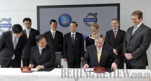 SEAL THE DEAL: Li Shufu, Chairman of China's Geely Holding Group (left), and Lewis Booth, Chief Financial Officer of Ford Motor Co., sign the agreement of Geely's purchase of Ford's Volvo division on March 28, 2010 (XINHUA) |
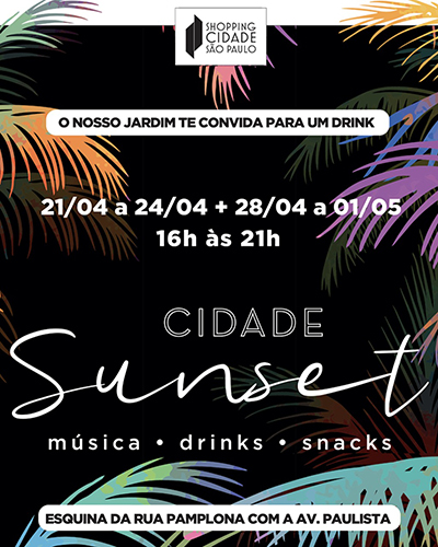 Aberto ao público nos fins de semana estendidos dos dias 21 a 24 de abril e de 28 de abril a 1º de maio, sempre das 16h às 21h. O Cidade Sunset pode ser acessado gratuitamente tanto pela Avenida Paulista quanto pela Rua Pamplona, e conta com um cardápio composto por drinks que caíram no gosto popular e viralizaram nas redes sociais nos últimos tempos, como a gin tônica com especiarias (R$ 29,00) e o moscow mule (R$25,00); além de aperitivos deliciosos para agradar todos os paladares, como porções de dadinho de tapioca (R$ 32,00) e de mini pastéis (R$ 28,00), entre outros.
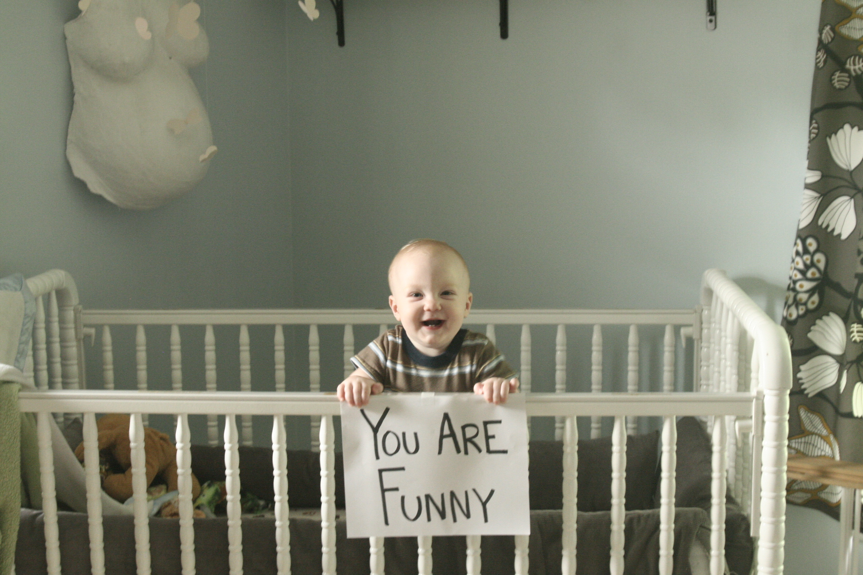 What a sweet laughing picture you got of him. You are a talented baby photographer and a sweet mama.
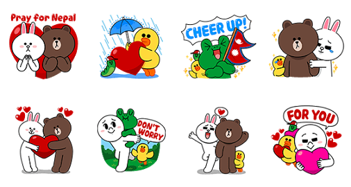 LINE เปิดตัวสติ๊กเกอร์ Pray for Nepal ช่วยเหลือผู้ประสบภัยแผ่นดินไหวใน เนปาล (Nepal) เช่นเดียวกับก่อนหน้านี้ที่มีสติ๊กเกอร์ลายพิเศษ Pray for the Philippines เพื่อช่วยเหลือเหยื่อไต้ฝุ่นไห่แย่นในฟิลิปปินส์
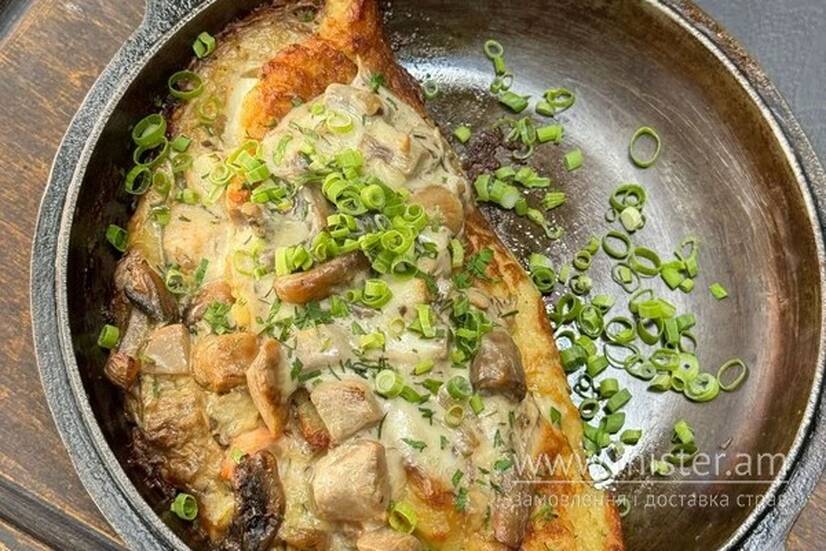 Куряче філе з вершково-грибним соусом з білих грибів та печериць. Соуси на вибір: сметано-часниковий/сметана.
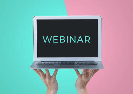 Composition of webinar text on screen of laptop held by hands, on turquoise and pink background. seminar design template concept digitally generated image.
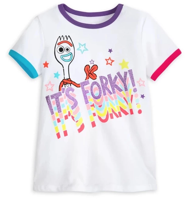It’s Forky! The misfit spork fromΒ Toy Story 4Β is eager to play on this fun fashion ringer tee with glittering graphics and colorful trims.
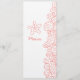 Menu moderno simples frente e verso do comensal da recepção de casamento do estilo das ondas do mar da praia com estrela do mar/arte seastar no branco alaranjado e torrado cor-de-rosa coral. Tirado excepcionalmente e projetado por Sarah Trett.
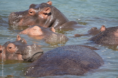 portrait and wallpaper of hippo heads in the hippo pool in the seregenti national park tanzania
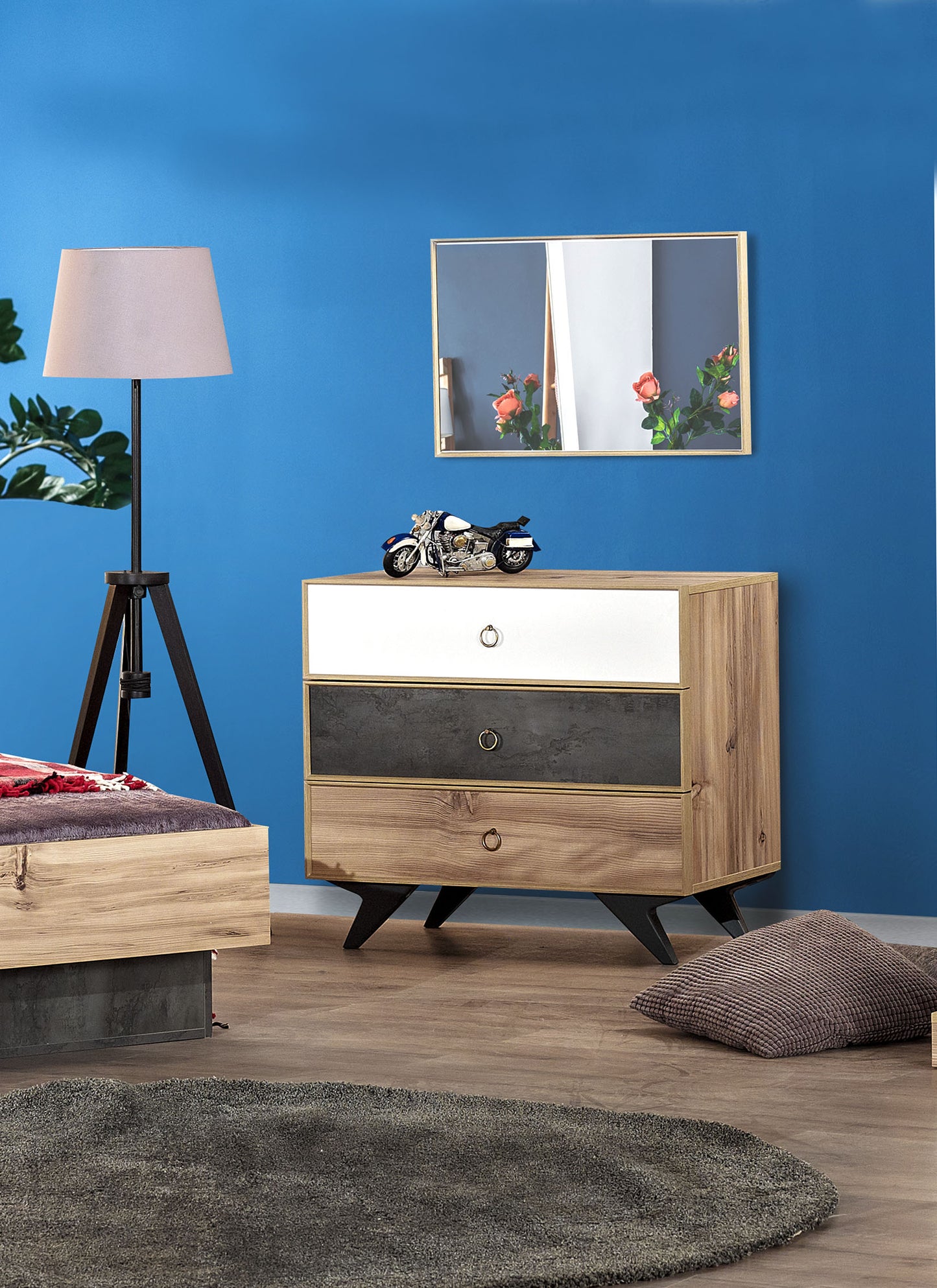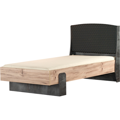Dit unieke, brons/hout class-geïnspireerde eenpersoonsbed is afkomstig uit de 'Fenomeen' collectie en heeft een stoere uitstraling. Twee afmeting mogelijkheden zijn er met dit bed 100x200 cm of 120x200 cm breed. Modern design ontworpen in 2020. De eenpersoonsbed is onderdeel van de kinderslaapkamer set 'Fenomeen'.

-----

◆ **Task description**
From the first line to the last, output the data exactly; skip any pictures.

◆ **Solution**
 SEAL THE DEAL: Li Shufu, Chairman of China's Geely Holding Group (left), and Lewis Booth, Chief Financial Officer of Ford Motor Co., sign the agreement of Geely's purchase of Ford's Volvo division on March 28, 2010 (XINHUA) |
 Aberto ao público nos fins de semana estendidos dos dias 21 a 24 de abril e de 28 de abril a 1º de maio, sempre das 16h às 21h. O Cidade Sunset pode ser acessado gratuitamente tanto pela Avenida Paulista quanto pela Rua Pamplona, e conta com um cardápio composto por drinks que caíram no gosto popular e viralizaram nas redes sociais nos últimos tempos, como a gin tônica com especiarias (R$ 29,00) e o moscow mule (R$25,00); além de aperitivos deliciosos para agradar todos os paladares, como porções de dadinho de tapioca (R$ 32,00) e de mini pastéis (R$ 28,00), entre outros.
 What a sweet laughing picture you got of him. You are a talented baby photographer and a sweet mama.
 LINE เปิดตัวสติ๊กเกอร์ Pray for Nepal ช่วยเหลือผู้ประสบภัยแผ่นดินไหวใน เนปาล (Nepal) เช่นเดียวกับก่อนหน้านี้ที่มีสติ๊กเกอร์ลายพิเศษ Pray for the Philippines เพื่อช่วยเหลือเหยื่อไต้ฝุ่นไห่แย่นในฟิลิปปินส์
 Куряче філе з вершково-грибним соусом з білих грибів та печериць. Соуси на вибір: сметано-часниковий/сметана.
 Composition of webinar text on screen of laptop held by hands, on turquoise and pink background. seminar design template concept digitally generated image.
It’s Forky! The misfit spork fromΒ Toy Story 4Β is eager to play on this fun fashion ringer tee with glittering graphics and colorful trims.
 Menu moderno simples frente e verso do comensal da recepção de casamento do estilo das ondas do mar da praia com estrela do mar/arte seastar no branco alaranjado e torrado cor-de-rosa coral. Tirado excepcionalmente e projetado por Sarah Trett.
 portrait and wallpaper of hippo heads in the hippo pool in the seregenti national park tanzania
Dit unieke, brons/hout class-geïnspireerde eenpersoonsbed is afkomstig uit de 'Fenomeen' collectie en heeft een stoere uitstraling. Twee afmeting mogelijkheden zijn er met dit bed 100x200 cm of 120x200 cm breed. Modern design ontworpen in 2020. De eenpersoonsbed is onderdeel van de kinderslaapkamer set 'Fenomeen'.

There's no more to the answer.